If you are looking to add a nutritional boost to your meals consider cooking with Japanese seaweed. These sea vegetables are loaded with nutrients, minerals and flavor. They are rich in umami and will add oomph to salads, soups, broths, seafood and countless other preparations.
So how do you cook with seaweed? Let's take a closer look at five different types of Japanese seaweed and how to use them in the kitchen.
5 Types of Japanese Seaweed
Nori
Perhaps the most familiar of all Japanese seaweeds thanks to its use in sushi and rolls. Nori is also sold as a snack and is a good source of vitamins A and C.
Full of umami and with great texture, kombu is a key ingredient in the Japanese broth known as dashi. It is highly nutritious and delicious in stews and salads.
Another fun use for kombu? Use it to cook beans as it helps reduce the gas content in legumes.
These small flakes of seaweed are an excellent addition to salads. They are black in color and rich in fiber, idodine, calcium, magnesium and iron.
Hijiki is believed to aid the digestive system, lower cholesterol and boost energy.

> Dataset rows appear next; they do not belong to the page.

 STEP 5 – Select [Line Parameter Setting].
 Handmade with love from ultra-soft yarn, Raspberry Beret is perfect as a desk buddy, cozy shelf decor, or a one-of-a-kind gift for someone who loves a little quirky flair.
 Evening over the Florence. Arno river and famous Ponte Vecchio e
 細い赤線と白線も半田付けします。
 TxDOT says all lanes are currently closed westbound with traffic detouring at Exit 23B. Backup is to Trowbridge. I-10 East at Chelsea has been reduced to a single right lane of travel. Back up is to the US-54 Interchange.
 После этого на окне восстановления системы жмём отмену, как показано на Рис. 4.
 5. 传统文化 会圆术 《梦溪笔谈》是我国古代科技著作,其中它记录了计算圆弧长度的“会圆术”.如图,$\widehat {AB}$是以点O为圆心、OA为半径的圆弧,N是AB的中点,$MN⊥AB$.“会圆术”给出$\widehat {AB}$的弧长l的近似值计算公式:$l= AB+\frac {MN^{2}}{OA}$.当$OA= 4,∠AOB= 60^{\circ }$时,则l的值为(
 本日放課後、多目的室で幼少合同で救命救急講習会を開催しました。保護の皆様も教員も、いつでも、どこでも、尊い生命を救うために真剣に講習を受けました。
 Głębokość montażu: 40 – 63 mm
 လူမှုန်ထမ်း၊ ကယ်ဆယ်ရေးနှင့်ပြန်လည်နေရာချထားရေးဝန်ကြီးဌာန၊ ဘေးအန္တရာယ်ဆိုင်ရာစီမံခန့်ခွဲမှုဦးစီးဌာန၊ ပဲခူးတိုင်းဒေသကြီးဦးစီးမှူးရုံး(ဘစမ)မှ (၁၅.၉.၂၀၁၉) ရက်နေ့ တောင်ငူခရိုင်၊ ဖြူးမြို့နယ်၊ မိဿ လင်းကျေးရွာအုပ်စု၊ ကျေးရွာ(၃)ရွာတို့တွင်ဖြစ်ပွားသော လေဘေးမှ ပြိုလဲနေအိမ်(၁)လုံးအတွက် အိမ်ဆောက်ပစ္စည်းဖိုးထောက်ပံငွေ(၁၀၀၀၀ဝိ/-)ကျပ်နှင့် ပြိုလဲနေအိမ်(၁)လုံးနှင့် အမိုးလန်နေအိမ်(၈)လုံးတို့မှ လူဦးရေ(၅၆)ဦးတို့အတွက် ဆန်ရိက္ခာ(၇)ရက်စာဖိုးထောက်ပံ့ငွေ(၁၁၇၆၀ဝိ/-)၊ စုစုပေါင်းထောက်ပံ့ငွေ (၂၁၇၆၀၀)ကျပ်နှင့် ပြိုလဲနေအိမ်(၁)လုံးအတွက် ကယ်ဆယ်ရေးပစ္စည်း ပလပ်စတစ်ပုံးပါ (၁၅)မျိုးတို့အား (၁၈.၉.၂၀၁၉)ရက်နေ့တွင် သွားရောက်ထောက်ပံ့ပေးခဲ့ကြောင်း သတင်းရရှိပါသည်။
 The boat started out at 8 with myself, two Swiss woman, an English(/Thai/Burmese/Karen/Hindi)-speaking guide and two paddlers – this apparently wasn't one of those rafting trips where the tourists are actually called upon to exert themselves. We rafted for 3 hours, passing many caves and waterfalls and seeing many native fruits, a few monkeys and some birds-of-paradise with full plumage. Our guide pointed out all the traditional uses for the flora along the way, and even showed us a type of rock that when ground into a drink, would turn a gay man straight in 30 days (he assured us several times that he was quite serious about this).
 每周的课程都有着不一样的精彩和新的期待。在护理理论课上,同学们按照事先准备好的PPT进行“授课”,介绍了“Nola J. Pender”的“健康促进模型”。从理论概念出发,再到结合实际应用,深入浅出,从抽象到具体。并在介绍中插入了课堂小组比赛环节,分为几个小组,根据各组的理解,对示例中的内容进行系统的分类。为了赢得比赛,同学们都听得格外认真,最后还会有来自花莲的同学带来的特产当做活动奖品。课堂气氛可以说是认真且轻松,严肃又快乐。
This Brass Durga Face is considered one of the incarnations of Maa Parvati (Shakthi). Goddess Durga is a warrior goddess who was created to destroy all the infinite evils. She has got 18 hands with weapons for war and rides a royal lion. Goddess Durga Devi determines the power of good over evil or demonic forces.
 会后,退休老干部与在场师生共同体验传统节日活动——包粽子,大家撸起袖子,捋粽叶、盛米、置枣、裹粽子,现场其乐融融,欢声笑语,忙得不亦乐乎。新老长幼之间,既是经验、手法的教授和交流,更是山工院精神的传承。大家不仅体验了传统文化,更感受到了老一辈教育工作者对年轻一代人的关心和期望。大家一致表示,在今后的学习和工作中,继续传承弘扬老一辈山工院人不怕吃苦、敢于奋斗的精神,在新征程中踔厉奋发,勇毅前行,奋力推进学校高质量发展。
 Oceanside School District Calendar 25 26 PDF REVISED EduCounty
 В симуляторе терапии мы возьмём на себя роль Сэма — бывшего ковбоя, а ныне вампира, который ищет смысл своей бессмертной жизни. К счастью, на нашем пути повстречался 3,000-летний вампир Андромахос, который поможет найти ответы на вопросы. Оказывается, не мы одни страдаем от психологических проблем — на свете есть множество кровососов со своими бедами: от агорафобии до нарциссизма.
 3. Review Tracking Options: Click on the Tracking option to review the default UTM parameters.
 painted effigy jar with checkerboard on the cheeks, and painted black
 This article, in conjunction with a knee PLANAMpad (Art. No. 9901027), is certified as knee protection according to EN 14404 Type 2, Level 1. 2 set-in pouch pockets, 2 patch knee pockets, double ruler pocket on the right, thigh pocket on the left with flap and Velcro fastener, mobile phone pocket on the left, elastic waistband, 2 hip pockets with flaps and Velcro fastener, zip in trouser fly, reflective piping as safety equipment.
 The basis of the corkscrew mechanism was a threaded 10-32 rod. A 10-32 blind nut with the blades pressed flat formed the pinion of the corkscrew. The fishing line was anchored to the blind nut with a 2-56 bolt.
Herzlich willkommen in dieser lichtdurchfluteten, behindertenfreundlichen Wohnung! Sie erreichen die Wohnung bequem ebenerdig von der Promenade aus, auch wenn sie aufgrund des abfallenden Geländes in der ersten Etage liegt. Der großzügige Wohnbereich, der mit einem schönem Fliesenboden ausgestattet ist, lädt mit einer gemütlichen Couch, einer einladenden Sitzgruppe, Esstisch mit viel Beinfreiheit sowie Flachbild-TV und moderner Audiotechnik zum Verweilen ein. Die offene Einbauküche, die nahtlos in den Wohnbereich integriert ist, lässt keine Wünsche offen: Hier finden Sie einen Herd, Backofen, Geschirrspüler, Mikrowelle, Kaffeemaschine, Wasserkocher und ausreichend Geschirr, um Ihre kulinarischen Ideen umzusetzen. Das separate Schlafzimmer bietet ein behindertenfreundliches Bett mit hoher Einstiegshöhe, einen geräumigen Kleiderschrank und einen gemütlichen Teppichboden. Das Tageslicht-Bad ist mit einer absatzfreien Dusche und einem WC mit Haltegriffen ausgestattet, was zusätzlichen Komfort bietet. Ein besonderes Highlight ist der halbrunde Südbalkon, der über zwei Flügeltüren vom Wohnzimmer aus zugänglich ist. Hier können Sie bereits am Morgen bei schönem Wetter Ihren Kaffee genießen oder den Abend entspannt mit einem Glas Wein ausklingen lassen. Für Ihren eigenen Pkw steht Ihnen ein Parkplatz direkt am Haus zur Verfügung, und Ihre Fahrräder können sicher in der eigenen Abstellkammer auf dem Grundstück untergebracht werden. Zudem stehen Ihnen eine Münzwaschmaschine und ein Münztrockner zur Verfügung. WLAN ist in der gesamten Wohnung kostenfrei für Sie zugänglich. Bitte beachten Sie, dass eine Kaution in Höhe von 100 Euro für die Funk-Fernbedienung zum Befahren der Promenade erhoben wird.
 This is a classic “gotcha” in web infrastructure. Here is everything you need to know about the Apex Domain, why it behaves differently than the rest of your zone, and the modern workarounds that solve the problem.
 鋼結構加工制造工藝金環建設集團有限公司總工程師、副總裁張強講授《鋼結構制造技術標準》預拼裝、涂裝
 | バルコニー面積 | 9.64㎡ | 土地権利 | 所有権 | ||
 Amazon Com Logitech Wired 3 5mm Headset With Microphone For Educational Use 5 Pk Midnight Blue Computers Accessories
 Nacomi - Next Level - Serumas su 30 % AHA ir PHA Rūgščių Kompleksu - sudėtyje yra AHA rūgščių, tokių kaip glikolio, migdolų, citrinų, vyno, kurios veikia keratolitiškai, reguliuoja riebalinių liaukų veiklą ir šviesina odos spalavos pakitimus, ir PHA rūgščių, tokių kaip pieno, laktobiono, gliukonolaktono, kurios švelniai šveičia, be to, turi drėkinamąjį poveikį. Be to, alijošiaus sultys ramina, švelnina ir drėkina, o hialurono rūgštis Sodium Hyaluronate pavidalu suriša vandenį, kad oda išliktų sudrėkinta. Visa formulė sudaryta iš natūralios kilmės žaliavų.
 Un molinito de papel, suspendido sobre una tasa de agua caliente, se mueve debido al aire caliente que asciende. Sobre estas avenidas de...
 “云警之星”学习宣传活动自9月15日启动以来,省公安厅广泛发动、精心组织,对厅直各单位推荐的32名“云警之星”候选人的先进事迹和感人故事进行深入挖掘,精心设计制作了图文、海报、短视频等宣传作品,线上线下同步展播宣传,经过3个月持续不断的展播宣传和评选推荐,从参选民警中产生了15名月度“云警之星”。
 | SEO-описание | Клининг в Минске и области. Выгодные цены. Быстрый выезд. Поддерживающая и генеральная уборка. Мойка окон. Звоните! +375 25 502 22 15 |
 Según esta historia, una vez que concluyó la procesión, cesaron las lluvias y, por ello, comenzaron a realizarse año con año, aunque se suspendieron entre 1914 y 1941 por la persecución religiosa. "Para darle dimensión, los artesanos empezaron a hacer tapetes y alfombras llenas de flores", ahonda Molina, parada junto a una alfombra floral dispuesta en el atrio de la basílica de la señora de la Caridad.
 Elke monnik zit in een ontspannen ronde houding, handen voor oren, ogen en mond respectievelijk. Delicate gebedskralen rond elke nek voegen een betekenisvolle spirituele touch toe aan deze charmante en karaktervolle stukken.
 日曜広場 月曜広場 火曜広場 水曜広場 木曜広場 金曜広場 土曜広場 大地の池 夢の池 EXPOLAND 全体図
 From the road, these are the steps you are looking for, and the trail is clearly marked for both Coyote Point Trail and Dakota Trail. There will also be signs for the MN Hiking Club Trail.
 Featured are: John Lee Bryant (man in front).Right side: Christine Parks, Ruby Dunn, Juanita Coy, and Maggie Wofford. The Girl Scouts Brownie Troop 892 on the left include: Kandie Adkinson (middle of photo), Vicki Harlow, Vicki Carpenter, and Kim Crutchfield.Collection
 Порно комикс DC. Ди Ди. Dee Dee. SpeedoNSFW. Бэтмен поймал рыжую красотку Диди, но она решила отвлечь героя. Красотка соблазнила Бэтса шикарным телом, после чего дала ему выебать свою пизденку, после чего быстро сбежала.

It should be soaked in water for 30 minutes before using in recipes.
Agar Agar
Agar agar is most commonly used as a thickening agent in desserts and is a great vegetarian alternative to gelatin. It's a popular ingredient in molecular gastronomy and is made from red algae.
A wonderful source of magnesium, wakame is low in calories and virtually fat free. It is commonly used in seaweed salad and soups, most famously miso soup.